- _Problem statement_: Within the lines below, the span from the line with "This lick mat" to the line with "(樊行波 张兴成 摄)", both ends included, is to be reproduced exactly, with pictures omitted.

- _Data below_:
■ ■ ■ ■
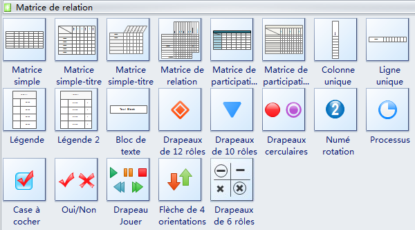 Les symboles de matrice de relation Edraw inclut de nombreuses formes spéciales utilisées dans la matrice relationnelles, la matrice simple, la matrice verticale avec titre simple, la matrice rectangulaire avec titre simple, la matrice de relation avec le poids, la matrice de la participation, la colonne unique, la rangée unique, la numérotation, etc.
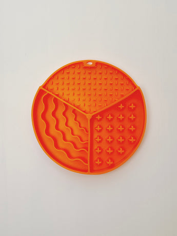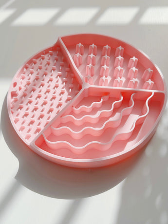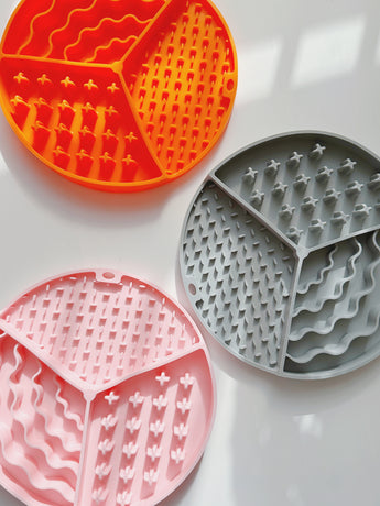 This lick mat accommodates both wet and dry food, making it suitable for all types of meals. Plus, it features various patterns and depths, keeping things interesting for your pup.
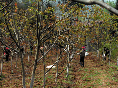 11日,门古寺镇彭家湾村果农们在县林业局技术人员的指导下对核桃树进行修枝、除草、追肥、施药。近年来,该镇紧紧围绕县委、县政府提出的打造“百万亩核桃基地”的目标,积极引导群众发展核桃产业,全镇建设核桃基地3万亩。自2月中旬以来,该镇组织果农抢抓有利时节对核桃进行田间管理,目前已完成1.8万亩。 (樊行波 张兴成 摄)
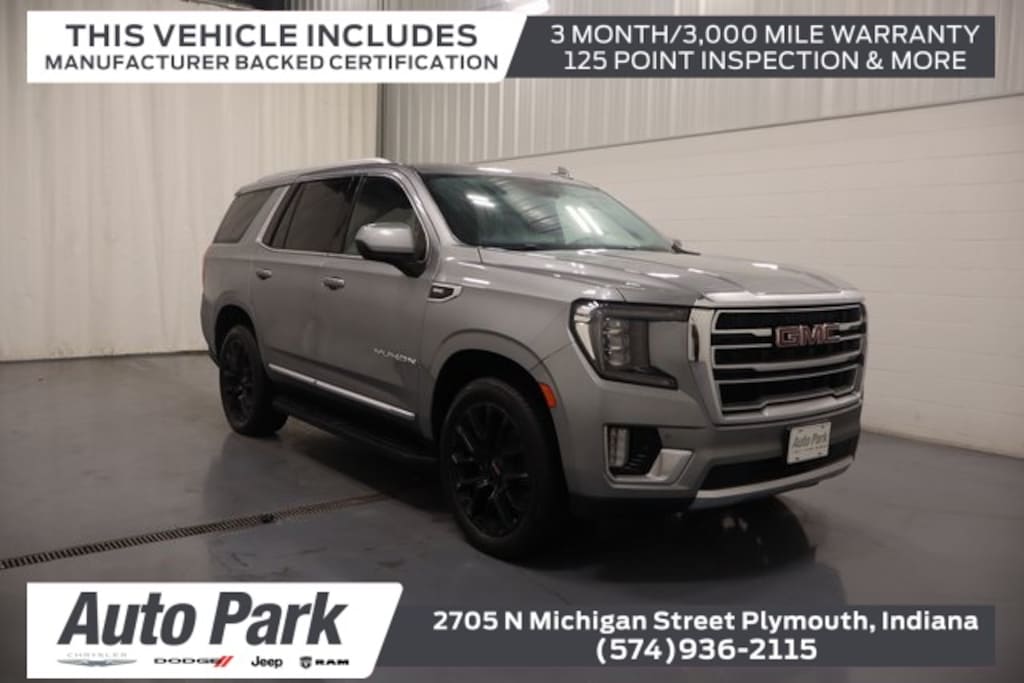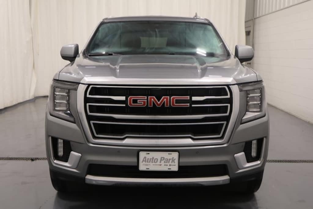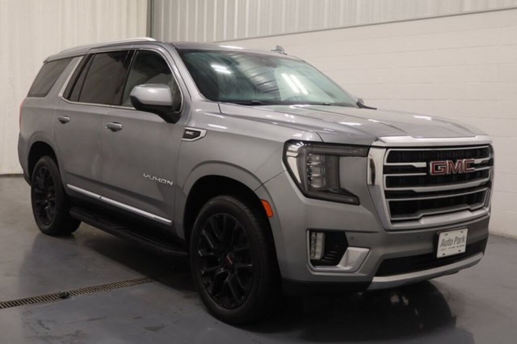 2023 GMC Yukon Sterling Metallic SLT 4WD ACCIDENT FREE VEHICLE HISTORY, NON-SMOKER, ONE OWNER, EcoTec3 5.3L V8, 10-Speed Automatic with Overdrive, 4WD, 2 Presets For Power Driver Seat, Alloy wheels, AM/FM radio: SiriusXM with 360L, Apple CarPlay/Android Auto, Auto High-beam Headlights, Automatic temperature control, Bose 9-Speaker Stereo Audio System Feature, Bright Chrome Bodyside Moldings, Bright Front & Rear Door Sill Plates, Chrome Door Handles w/Body-Color Strip, Dual-Pane Panoramic Power Sunroof, Electronic Stability Control, Front dual zone A/C, Front fog lights, Fully automatic headlights, Garage door transmitter, Hands-Free Power Programmable Rear Liftgate, Heated & Ventilated Driver & Front Passenger Seats, Heated door mirrors, Heated Driver & Front Passenger Seats, Inside Rear-View Auto-Dimming Mirror, IntelliBeam Automatic High Beam On/Off, Lane Change Alert w/Side Blind Zone Alert, Lane Keep Assist w/Lane Departure Warning, License Plate Front Mounting Package, Memory seat, Navigation System, Power door mirrors, Power driver seat, Power Liftgate, Preferred Equipment Group 4SA, Rear air conditioning, Remote keyless entry, Safety Alert Seat, Split folding rear seat, Spoiler, Steering wheel mounted audio controls, Universal Home Remote, Variably intermittent wipers, Wheels: 22" Multi-Spoke Gloss Black (LPO), Wireless Charging.
■ ■ ■ ■
- _Finished task_:
 This lick mat accommodates both wet and dry food, making it suitable for all types of meals. Plus, it features various patterns and depths, keeping things interesting for your pup.
 11日,门古寺镇彭家湾村果农们在县林业局技术人员的指导下对核桃树进行修枝、除草、追肥、施药。近年来,该镇紧紧围绕县委、县政府提出的打造“百万亩核桃基地”的目标,积极引导群众发展核桃产业,全镇建设核桃基地3万亩。自2月中旬以来,该镇组织果农抢抓有利时节对核桃进行田间管理,目前已完成1.8万亩。 (樊行波 张兴成 摄)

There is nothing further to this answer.